I can still feel it sometimes, that pull. Walking past the game store in December, seeing the Cataclysm box with its red fire and broken world. A notification in an email about the expansion release. Nothing desperate, nothing urgent—just a low frequency hum that’s never quite gone away, even after all these years.

When I first played World of Warcraft I was a kid, alone most evenings, and the game felt like a door into a world that wanted me there. My blue-haired night elf and I spent entire weekends vanishing into it—I’d start on Friday and look up to find Sunday ending, my back aching, my eyes burning, no food eaten, nothing in my head but quests and bosses and the promise of one more level before bed. It got dark fast. Not gradually, but in a way that made sense at the time, where spending every hour that wasn’t school or sleep in Azeroth seemed completely rational.

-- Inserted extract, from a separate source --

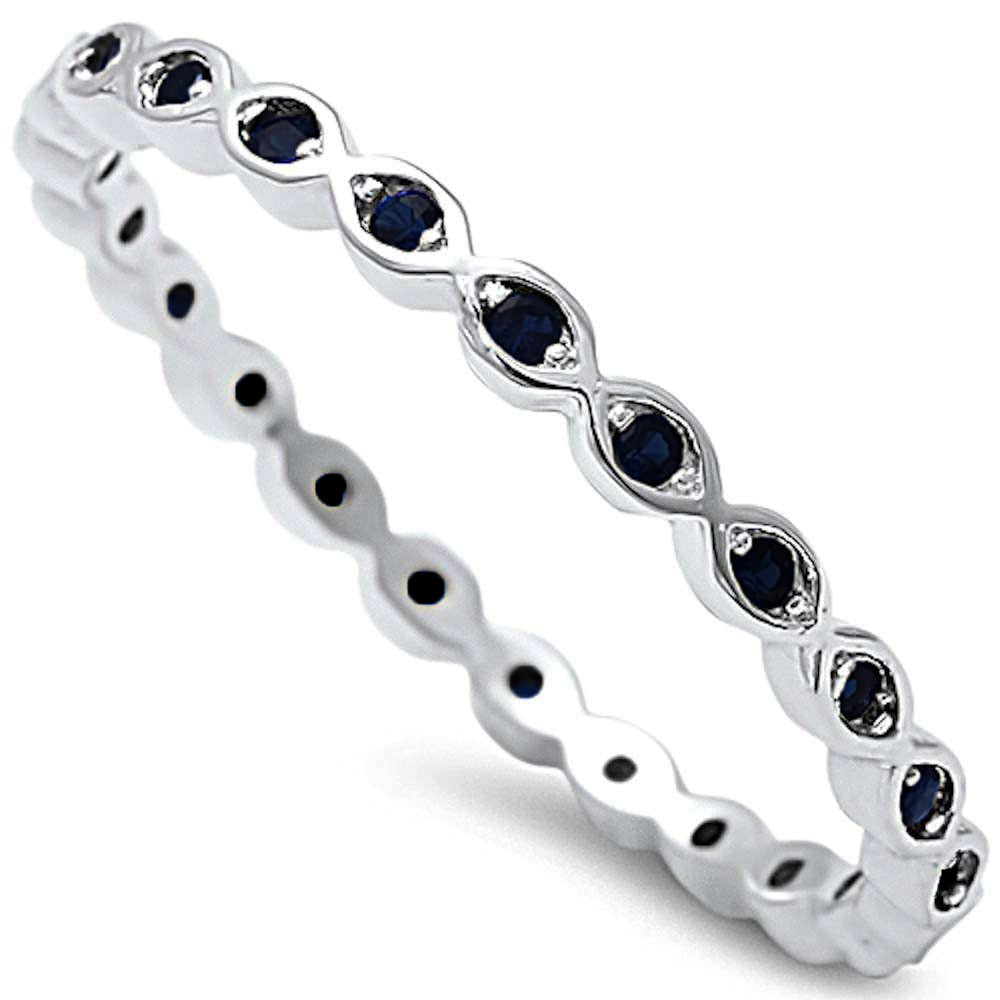 Black Onyx Eternity Band .925 Sterling Silver Ring Sizes 6-9

Then one day I just stopped. Quit the subscription, deleted the files, shut the door. That day felt like air—like I’d been holding my breath underwater. Real things started happening: I got out, made actual friends, had actual sex, did things that mattered to people sitting in the same room. It was cleaner, harder, better. I didn’t miss it, or I told myself I didn’t. Most of the time that was true.

But Blizzard is smart. They know exactly when to come back around. It’s December, and the world is cold and gray, and everyone’s retreating indoors where the only friction is the weather, and they drop Cataclysm—a whole world remade, the boring places torn down and rebuilt, new reasons to sink back in. They’re not stupid about timing. They know a man’s defenses are lowest when he’s isolated and the days are twelve hours long.

The thing about addiction is it doesn’t really leave you. It just goes quiet. And then something brings it back—not the game itself, but the memory of how good it felt to disappear, how simple it was, how the world shrank down to something manageable. Even now, even knowing better, I can feel that temptation wearing at me like water on stone. The question isn’t whether it’s a good idea. It’s whether I’m stronger now than I was then, and I honestly don’t know.